So, while you might get other request from same person and/or other users, the tasks will undergo the pipeline in the background and will turn back once they are done, if possible 😊.

🎨 Architecture of the pipeline

Here is the schematic view of my pipeline:

Technologies used:

Name	Description	Link
Flask	Python micro web-framework	https://flask.palletsprojects.com/en/1.1.x/
Flask-RESTPlus	Extension for Flask that adds support for quickly building REST APIs	https://flask-restplus.readthedocs.io/en/stable/
Celery	Asynchronous task queue or job queue package for Python	https://docs.celeryproject.org/en/stable/
Flower	Tool for monitoring and administrating Celery clusters	https://flower.readthedocs.io/en/latest/
Redis	In-memory data structure store, a distributed, key–value database	https://redis.io/
MongoDB	Document-oriented NoSQL database program	https://www.mongodb.com/python

If you wonder the comparison of several brokers, please visit this https://docs.celeryproject.org/en/stable/getting-started/brokers/index.html page by Celery offical docs.

For use of Flask-RESTPlus extension (using Swagger UI), you might visit my previous repo and post: https://github.com/furkanmtorun/Flask-RESTPlusAPI.

Reminder: Do not forget to change MONGO_CLIENT_URL for your setup.

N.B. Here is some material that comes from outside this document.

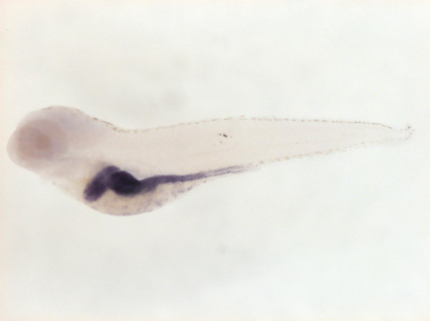Please note that in 5 day old embryos some structures are not accessible to the probe (such as notochord, most of the trunk and tail). Therefore the description of the expression pattern is only partial.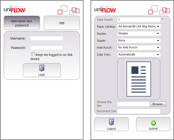 With uniFLOW, users can securely print sensitive documents through a shared network printer submitted through their desktop or mobile device. Users release print jobs at the printer after authentication via card login, job code or PIN code, ensuring that confidential documents are not left sitting on the printer. Printing, scanning, copying and faxing costs can be tracked and allocated to the relevant project or department, and budget controls enable automatic limiting of printing once budgets have been exceeded. Jobs can also be routed to the cheapest or most appropriate printer, and users can be forced to print jobs in duplex or grayscale.

For MongoDB, you might give a try to use MongoDB Atlas.

🧵 Installation & Running

Here is classic way of installation and running.

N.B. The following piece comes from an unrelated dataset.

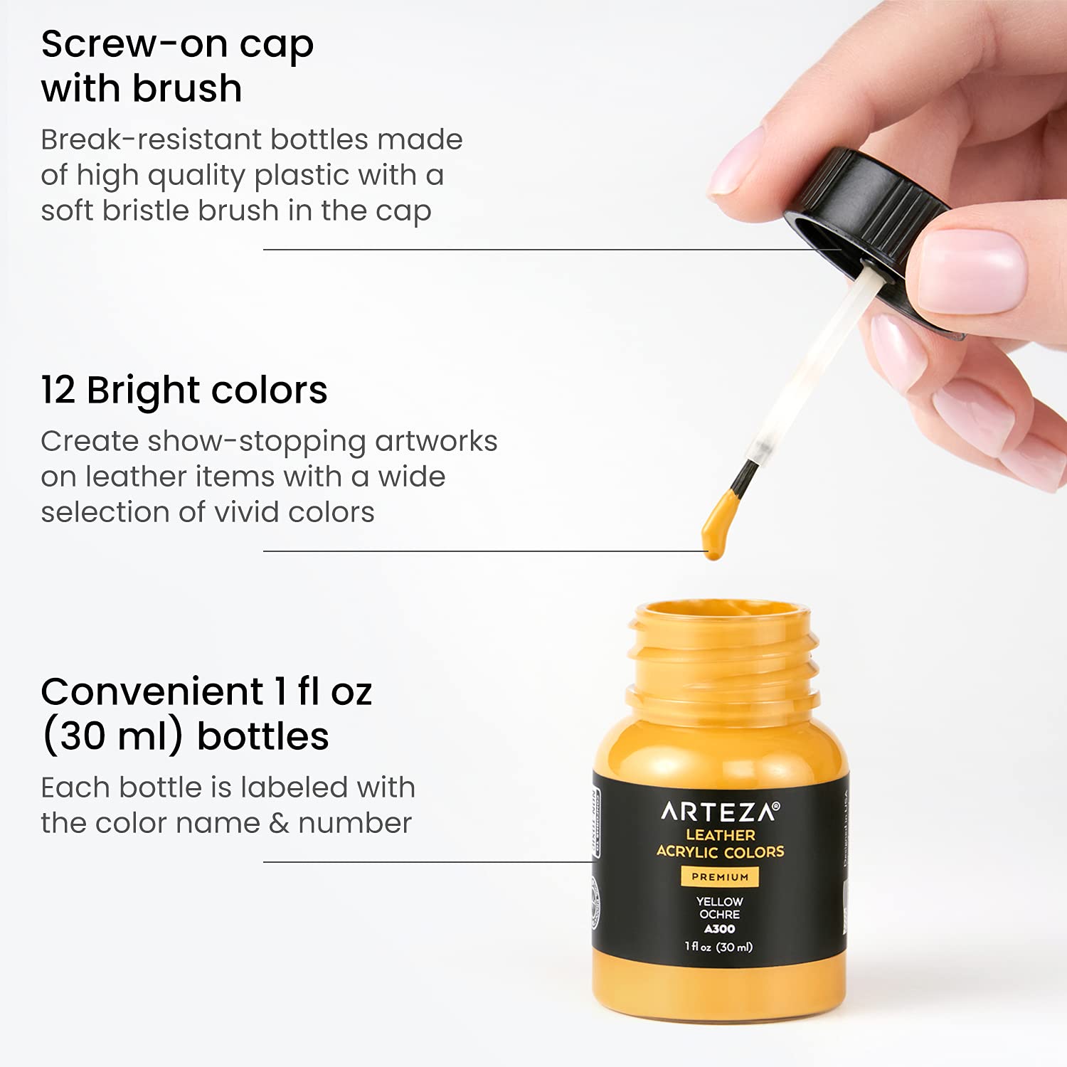 ARTEZA Acrylic Leather Paint, Set of 12, 1 fl oz Bottles, Water-Resistant Fabric Paint for Shoes, Art Supplies for Painting Furniture, Clothes, Belts, Wallets, and Bags—

Docker-compose file might come later!

Installation

Install Redis:
- Visit offical document here: https://redis.io/topics/quickstart.
- If you are using Win10, you might check here: https://dev.to/divshekhar/how-to-install-redis-on-windows-10-3e99.
To install the required packages:

pip install -r requirements.txt

Running

Start redis:

redis-server --port 6380 --slaveof 127.0.0.1 6379
Execute Celery, Flower and our flask_api file inside the project folder:
- celery worker -A flask_api.celery_client -E
  
  If you are using Win10 and face some problems with Celery, try the following instead:
  
  celery worker -A flask_api.celery_client -E --pool=solo -l info
- flower -A flask_api.celery_client
  
  Then, you can visit http://localhost:5555/
- python flask_api.py
  
  Now, time to open our REST-Api on http://localhost:5000/

💎 How the things go (aka. Results)?

In our simple pipeline, we provide a REST API for our users where they can calculate the body-mass index (BMI) of a person. So, they can list all of the calculations or post a new one under the end point namely calculationsEP Operations for Calculations while they can get the details of a calculation using unique process ID pid or delete it via pid.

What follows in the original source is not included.